• The task
The entries below contain a line with "Mill (Match pool)" and a line with "A new latex". Quote exactly those two lines and all lines between them.

• Supplied entries
>>>

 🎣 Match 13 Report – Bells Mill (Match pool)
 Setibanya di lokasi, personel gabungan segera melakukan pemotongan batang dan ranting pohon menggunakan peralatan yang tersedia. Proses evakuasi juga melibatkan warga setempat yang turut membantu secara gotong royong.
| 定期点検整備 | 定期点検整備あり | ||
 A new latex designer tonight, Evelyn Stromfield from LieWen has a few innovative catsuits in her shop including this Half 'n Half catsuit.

<<<
>>>

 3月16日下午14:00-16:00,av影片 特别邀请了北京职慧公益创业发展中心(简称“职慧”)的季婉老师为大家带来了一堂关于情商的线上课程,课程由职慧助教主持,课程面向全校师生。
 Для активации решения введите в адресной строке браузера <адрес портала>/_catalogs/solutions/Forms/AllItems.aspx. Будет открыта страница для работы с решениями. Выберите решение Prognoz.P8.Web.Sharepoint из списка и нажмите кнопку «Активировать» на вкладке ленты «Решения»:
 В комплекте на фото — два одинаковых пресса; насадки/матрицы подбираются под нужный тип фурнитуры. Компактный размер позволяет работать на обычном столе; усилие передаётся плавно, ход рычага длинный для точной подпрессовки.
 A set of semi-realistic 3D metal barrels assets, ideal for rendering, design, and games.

<<<
>>>

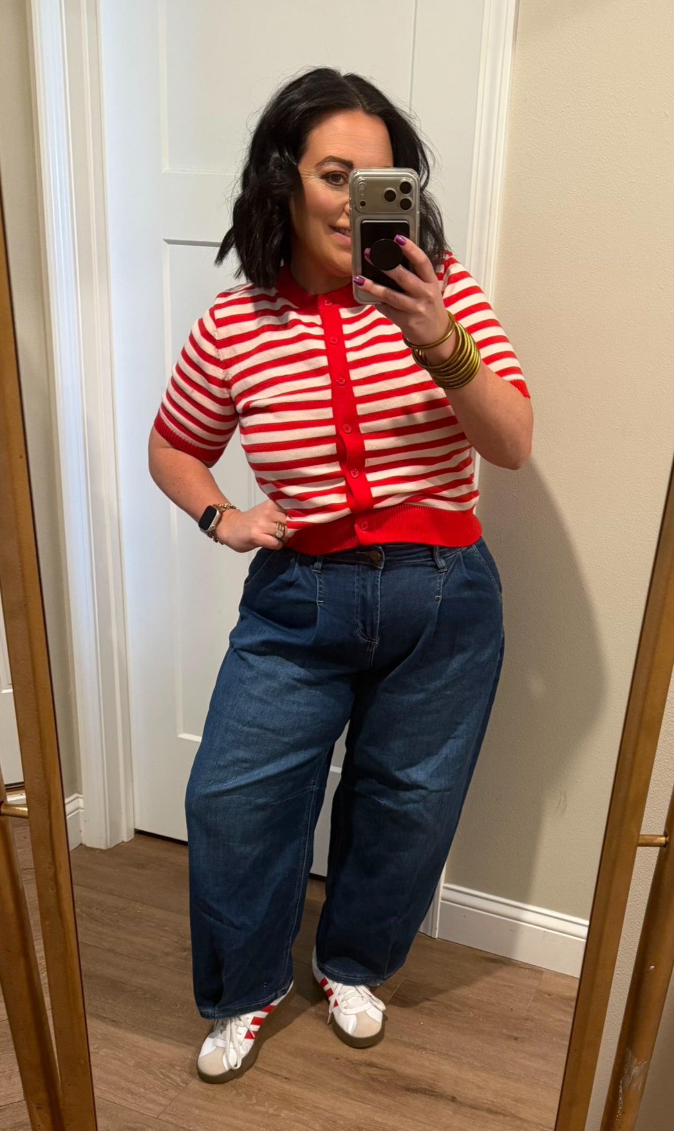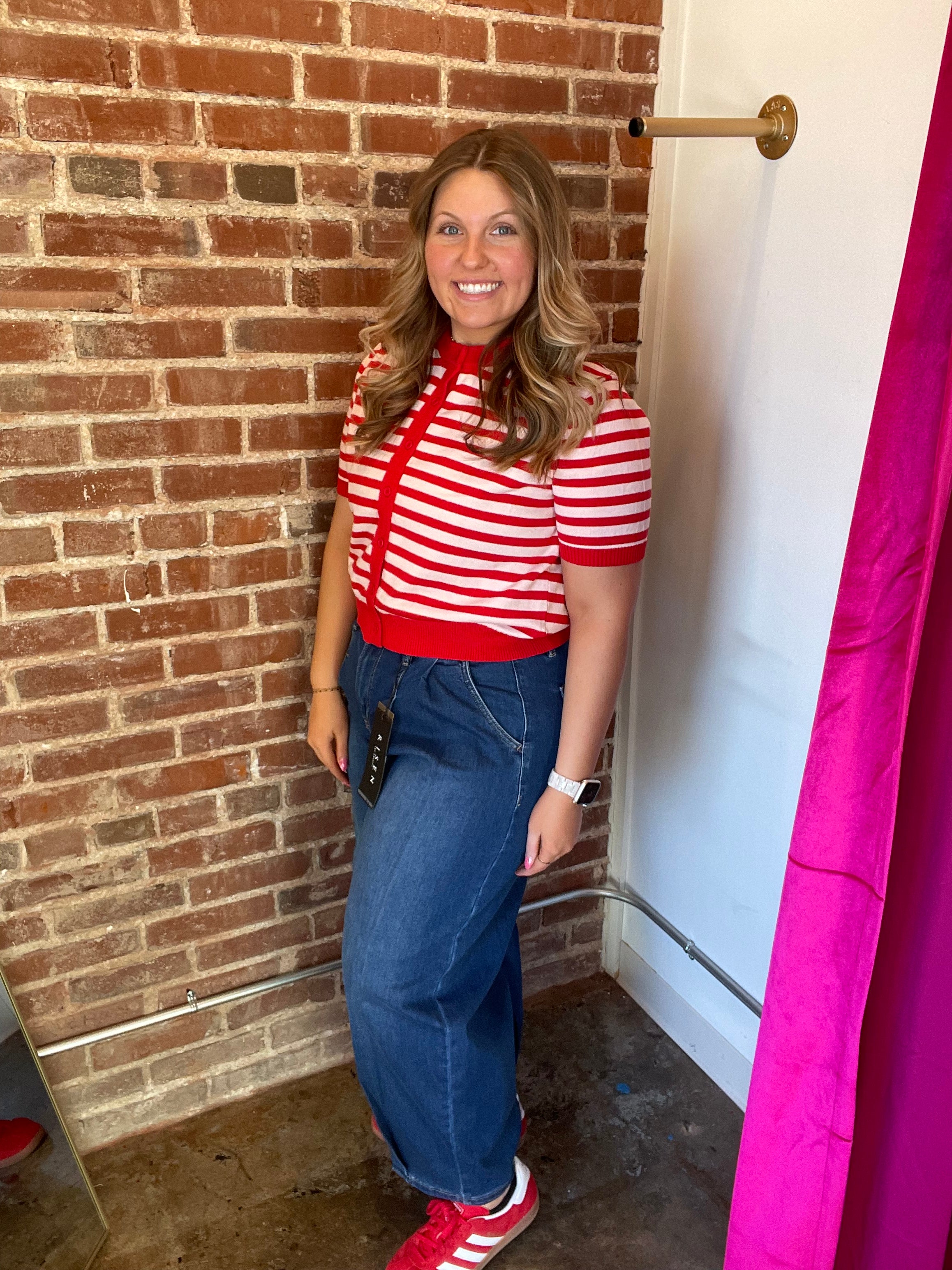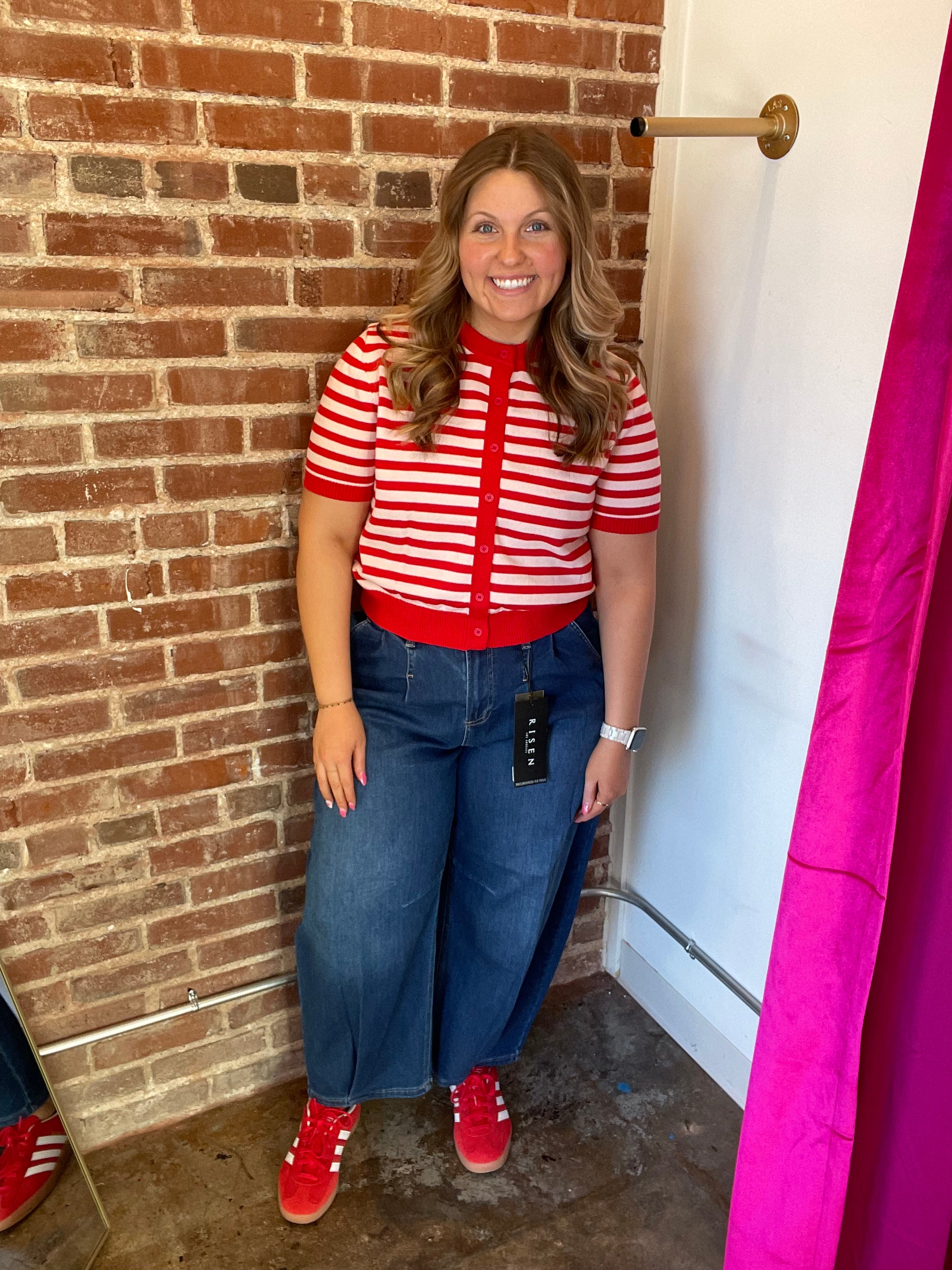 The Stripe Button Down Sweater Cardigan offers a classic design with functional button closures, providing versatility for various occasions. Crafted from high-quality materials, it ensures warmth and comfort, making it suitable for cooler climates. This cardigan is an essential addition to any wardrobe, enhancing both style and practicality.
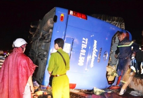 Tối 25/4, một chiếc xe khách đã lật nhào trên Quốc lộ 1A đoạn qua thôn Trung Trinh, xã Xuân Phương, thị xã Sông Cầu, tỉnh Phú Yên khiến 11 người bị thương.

<<<

• Answer section
 🎣 Match 13 Report – Bells Mill (Match pool)
 Setibanya di lokasi, personel gabungan segera melakukan pemotongan batang dan ranting pohon menggunakan peralatan yang tersedia. Proses evakuasi juga melibatkan warga setempat yang turut membantu secara gotong royong.
| 定期点検整備 | 定期点検整備あり | ||
 A new latex designer tonight, Evelyn Stromfield from LieWen has a few innovative catsuits in her shop including this Half 'n Half catsuit.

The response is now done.